What I want to check is "dog" appear exactly twice in the
searchString. If I enter "^(.*dog.*){2}$", the expression matches even
when "dog" appear 3 times. I want to check if "dog" appear exactly 2
times.


Hmmm by nature I don't think that regular expressions will do that in one
single statement. Easiest way to do that is to just match against "dog"
and count the number of matches...

if (Regex.Matches(input, "dog").Count == 2) { ... }
 
G

Guest

Kevin said:
Hi,

Is anyone in this group good at regular expression? I have a seemingly
simple problem, but cannot figure it out myself. I appreciate any help!

What I want to check is "dog" appear exactly twice in the searchString. If I
enter "^(.*dog.*){2}$", the expression matches even when "dog" appear 3
times. I want to check if "dog" appear exactly 2 times.

Regex regEx = new Regex("???");
string searchString = "my dog is my dog";

I think your problem is the ".*" in front and after the "dog" pattern. This
allows the pattern to match something like "foo dog bar dog bletch dog" by
throwing the third "dog" into the "match anything" section before or after
one of the legitimate matches.

You probably need to limit this to being within a word, that is, instead of
".*" you probably want something like "\w*" -- match zero or more word
characters in front of and behind the occurrence of "dog".
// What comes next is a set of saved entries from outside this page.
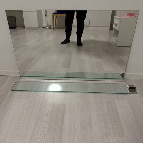 Väggskåp med två dörrar i frostat glas och ram i metallfärg. Skåpet har flera justerbara hyllplan i vitt som ger god översikt och förvaring. Passar till förvaring av allt du har i badrummet.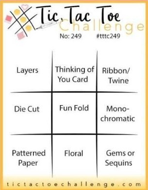 For this hop we are all using a Tic Tac Toe Challenge as our inspiration. I have used the column, ribbon/twine; monochromatic; gems or sequins.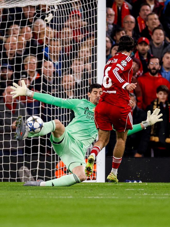 半场比赛结束之前,利物浦球员索博斯洛伊大禁区外远射,库尔图瓦单掌将皮球挡出底线,靠着门将的神勇发挥,皇马艰难带着0-0的比分回到了更衣室。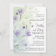 Soft purple watercolor flowers decorate this elegant handpainted 50th wedding anniversary party invitation. Trendy typography gives the text a modern and casual vibe. A soft green watercolor wash on the front and back creates a sophisticated palette.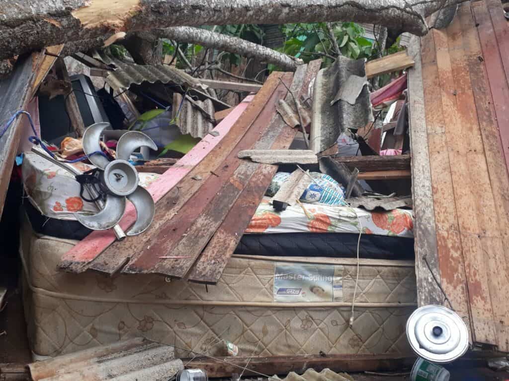 A família da jovem Francisca Luzia de Lima Oliveira, 18 anos, recebeu um grande livramento na última sexta-feira, 21, após a arvore, que ficava ao lado de sua casa, cair e destruir sua residência que fica localizada na rua Rio Grande do Sul, bairro Preventório, próximo ao Educandário Santa Margarida.

Note that this will count input like "dogeatdog" as only one match, not as
two.

-- Tom
 
K

Kevin

Thanks, but is it really not possible? This seems to be a common thing
people want to check...
 
K

Kevin

Thanks, but the result is not good. The regex result showed failed match
even when dog appears 2 times and the searchString includes dog 2 times.
 
G

Guest

Kevin said:
Thanks, but is it really not possible? This seems to be a common thing
people want to check...

The {2} regex syntax demands two and exactly two *repeats* of the matched
pattern. Remember that even the * pattern to match zero or more is just
shorthand for {0,}.

Besides, what do you want to do with the successful match -- do you need the
entire captured substring that contains the two "dog" matches or do you just
need to know the match was successful. If the latter case then mdb's
approach is very clean and simple.

-- Tom
 
G

Greg Bacon

: Is anyone in this group good at regular expression? I have a
: seemingly simple problem, but cannot figure it out myself. I
: appreciate any help!
:
: What I want to check is "dog" appear exactly twice in the
: searchString. If I enter "^(.*dog.*){2}$", the expression matches
: even when "dog" appear 3 times. I want to check if "dog" appear
: exactly 2 times.

Doable but perhaps nonobvious:

static void Main(string[] args)
{
string[] dogs = new string[] {
"",
"no canines",
"abc dog",
"dog abc dog",
"dog dog dog",
"xyzzy dog foo dog bar dog w00t doggone",
};

Regex twodogs = new Regex(
String.Format("^{0}dog{0}dog{0}$", "([^d]|d[^o]|do[^g])*"));

foreach (string input in dogs)
Console.WriteLine(input + ": " + twodogs.IsMatch(input));
}

The fencepost -- ([^d]|d[^o]|do[^g])* -- matches strings, possibly
empty, that don't have "dog".

The ^ and $ anchors are important. Without them, you'll see matches for
all strings with at least two dogs.

Hope this helps,
Greg
 
G

Guest

Kevin said:
Thanks, but the result is not good. The regex result showed failed match
even when dog appears 2 times and the searchString includes dog 2 times.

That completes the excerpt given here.